**Problem details**
Skip the pictures. Output only the lines below starting at the line with "Bring your broadcast" and ending at the line with "de nuestros collares.", both ends included, exactly as they are.

**Records to process**
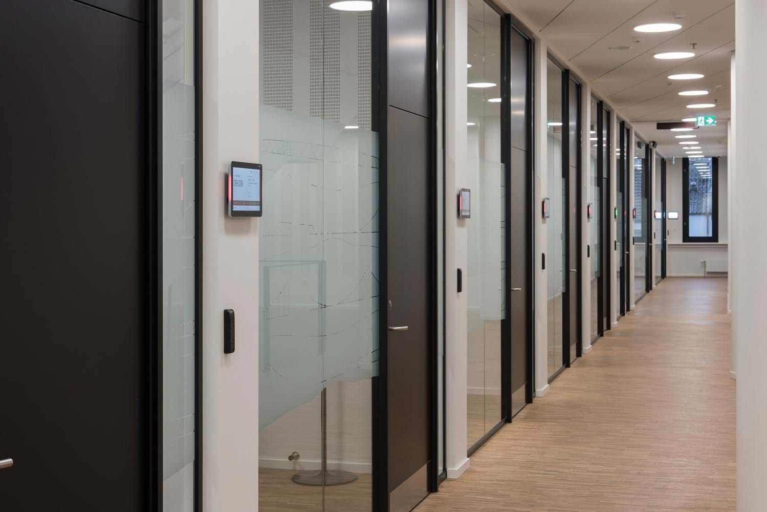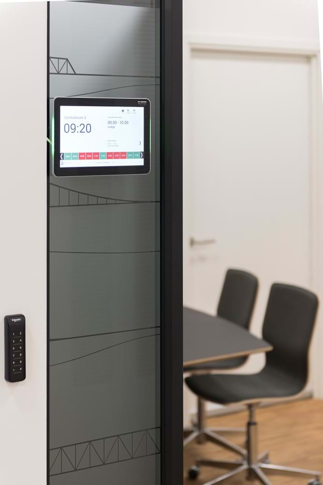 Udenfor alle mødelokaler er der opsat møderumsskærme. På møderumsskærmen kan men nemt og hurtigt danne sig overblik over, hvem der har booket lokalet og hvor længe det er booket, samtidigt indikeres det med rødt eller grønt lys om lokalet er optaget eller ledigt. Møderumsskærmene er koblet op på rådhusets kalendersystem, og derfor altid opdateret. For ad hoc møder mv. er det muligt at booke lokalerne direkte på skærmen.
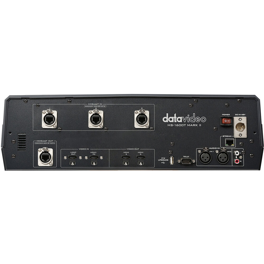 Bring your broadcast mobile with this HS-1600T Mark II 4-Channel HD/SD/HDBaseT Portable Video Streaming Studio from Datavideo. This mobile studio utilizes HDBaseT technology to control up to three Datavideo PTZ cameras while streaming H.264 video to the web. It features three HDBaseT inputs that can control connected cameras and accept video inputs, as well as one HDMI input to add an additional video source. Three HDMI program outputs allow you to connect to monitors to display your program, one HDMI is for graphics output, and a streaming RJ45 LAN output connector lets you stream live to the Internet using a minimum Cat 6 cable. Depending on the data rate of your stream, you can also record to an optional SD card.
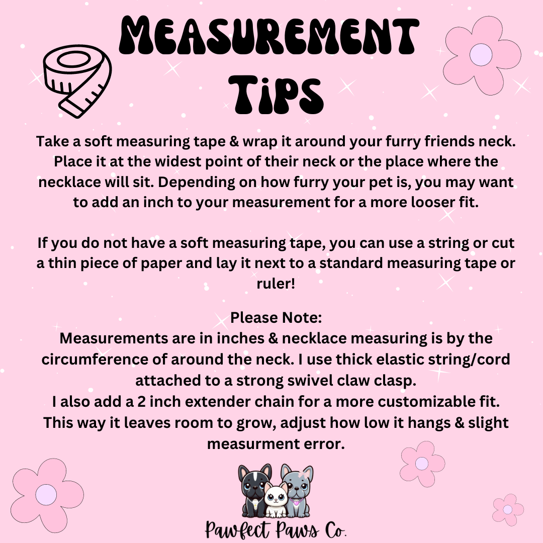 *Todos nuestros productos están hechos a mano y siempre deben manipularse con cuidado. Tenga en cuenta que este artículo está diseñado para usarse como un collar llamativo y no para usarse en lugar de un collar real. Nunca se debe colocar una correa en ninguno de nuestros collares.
--
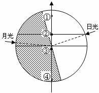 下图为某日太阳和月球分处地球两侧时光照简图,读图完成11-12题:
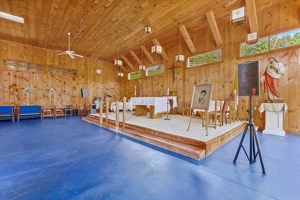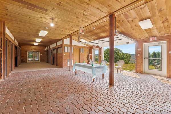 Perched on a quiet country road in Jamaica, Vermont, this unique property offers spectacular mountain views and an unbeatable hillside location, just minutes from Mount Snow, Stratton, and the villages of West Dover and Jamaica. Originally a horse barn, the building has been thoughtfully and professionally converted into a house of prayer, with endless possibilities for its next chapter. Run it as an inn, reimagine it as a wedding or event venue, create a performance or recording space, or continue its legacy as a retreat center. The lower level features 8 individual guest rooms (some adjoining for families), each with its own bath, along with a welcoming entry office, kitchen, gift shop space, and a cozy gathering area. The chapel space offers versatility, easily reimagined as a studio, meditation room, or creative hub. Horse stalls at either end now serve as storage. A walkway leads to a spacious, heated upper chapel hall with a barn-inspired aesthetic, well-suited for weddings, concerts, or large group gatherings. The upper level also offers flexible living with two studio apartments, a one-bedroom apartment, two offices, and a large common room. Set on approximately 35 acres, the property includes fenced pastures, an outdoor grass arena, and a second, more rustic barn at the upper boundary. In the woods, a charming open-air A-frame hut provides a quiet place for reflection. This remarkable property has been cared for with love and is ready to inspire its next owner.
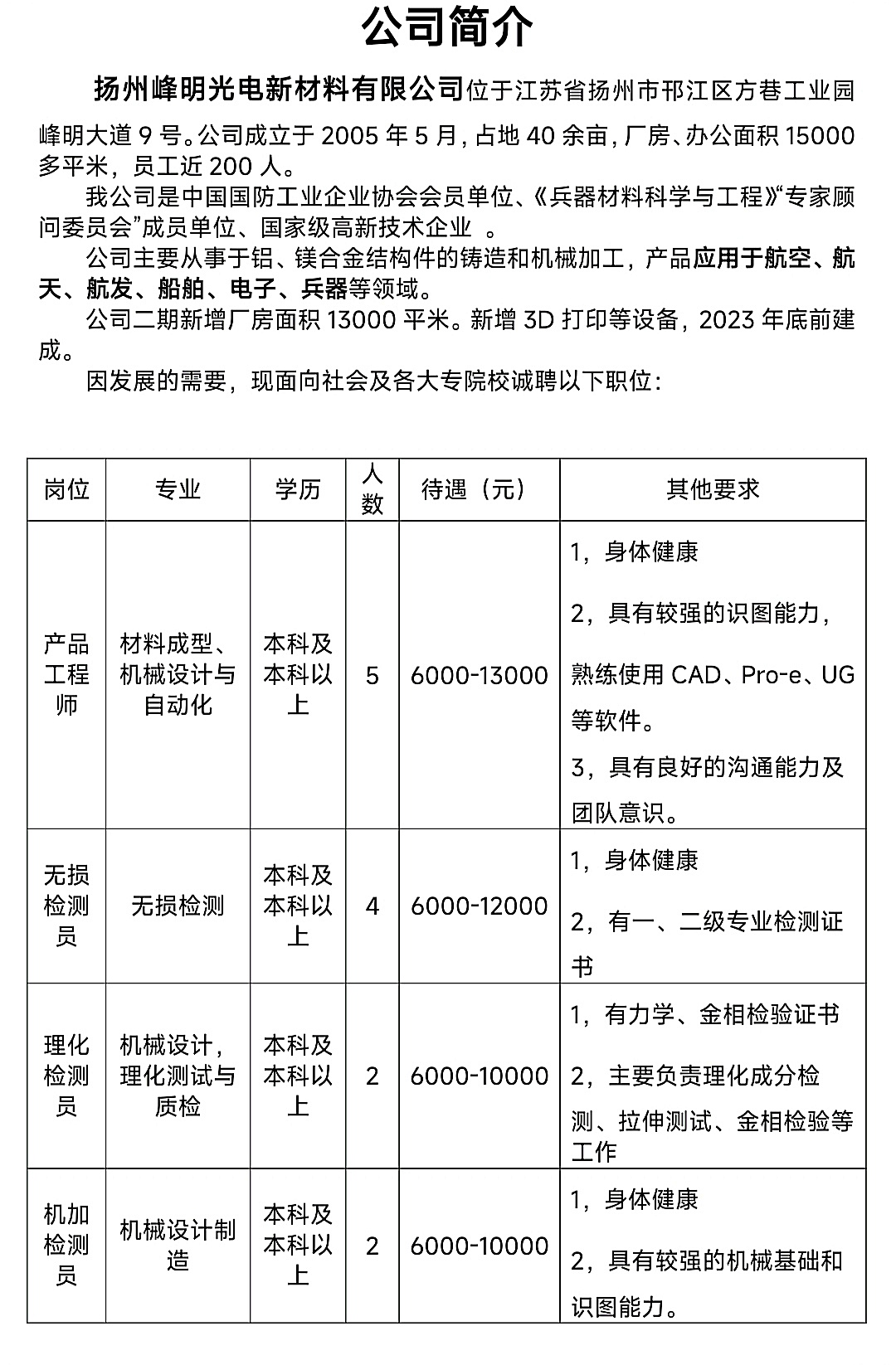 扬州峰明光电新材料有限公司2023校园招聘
---
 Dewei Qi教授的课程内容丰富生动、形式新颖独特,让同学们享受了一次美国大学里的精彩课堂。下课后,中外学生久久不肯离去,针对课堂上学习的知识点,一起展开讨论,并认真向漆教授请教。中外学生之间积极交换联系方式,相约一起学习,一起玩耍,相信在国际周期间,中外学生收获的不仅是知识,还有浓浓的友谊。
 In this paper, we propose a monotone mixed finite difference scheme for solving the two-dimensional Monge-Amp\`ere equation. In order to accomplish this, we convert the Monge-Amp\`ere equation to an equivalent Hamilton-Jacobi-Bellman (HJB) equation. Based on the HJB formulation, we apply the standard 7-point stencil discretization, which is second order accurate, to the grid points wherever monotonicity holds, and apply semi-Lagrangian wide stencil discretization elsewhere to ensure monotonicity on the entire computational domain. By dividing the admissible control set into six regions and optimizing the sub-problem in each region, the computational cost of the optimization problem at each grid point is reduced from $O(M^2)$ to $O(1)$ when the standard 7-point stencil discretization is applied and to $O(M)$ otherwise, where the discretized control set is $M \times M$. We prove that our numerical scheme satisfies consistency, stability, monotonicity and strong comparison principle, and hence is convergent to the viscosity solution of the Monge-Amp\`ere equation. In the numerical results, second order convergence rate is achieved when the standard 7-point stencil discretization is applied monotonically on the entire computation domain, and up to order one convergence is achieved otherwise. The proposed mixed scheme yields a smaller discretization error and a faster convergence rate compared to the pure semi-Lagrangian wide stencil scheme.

**Completed task**
 Bring your broadcast mobile with this HS-1600T Mark II 4-Channel HD/SD/HDBaseT Portable Video Streaming Studio from Datavideo. This mobile studio utilizes HDBaseT technology to control up to three Datavideo PTZ cameras while streaming H.264 video to the web. It features three HDBaseT inputs that can control connected cameras and accept video inputs, as well as one HDMI input to add an additional video source. Three HDMI program outputs allow you to connect to monitors to display your program, one HDMI is for graphics output, and a streaming RJ45 LAN output connector lets you stream live to the Internet using a minimum Cat 6 cable. Depending on the data rate of your stream, you can also record to an optional SD card.
 *Todos nuestros productos están hechos a mano y siempre deben manipularse con cuidado. Tenga en cuenta que este artículo está diseñado para usarse como un collar llamativo y no para usarse en lugar de un collar real. Nunca se debe colocar una correa en ninguno de nuestros collares.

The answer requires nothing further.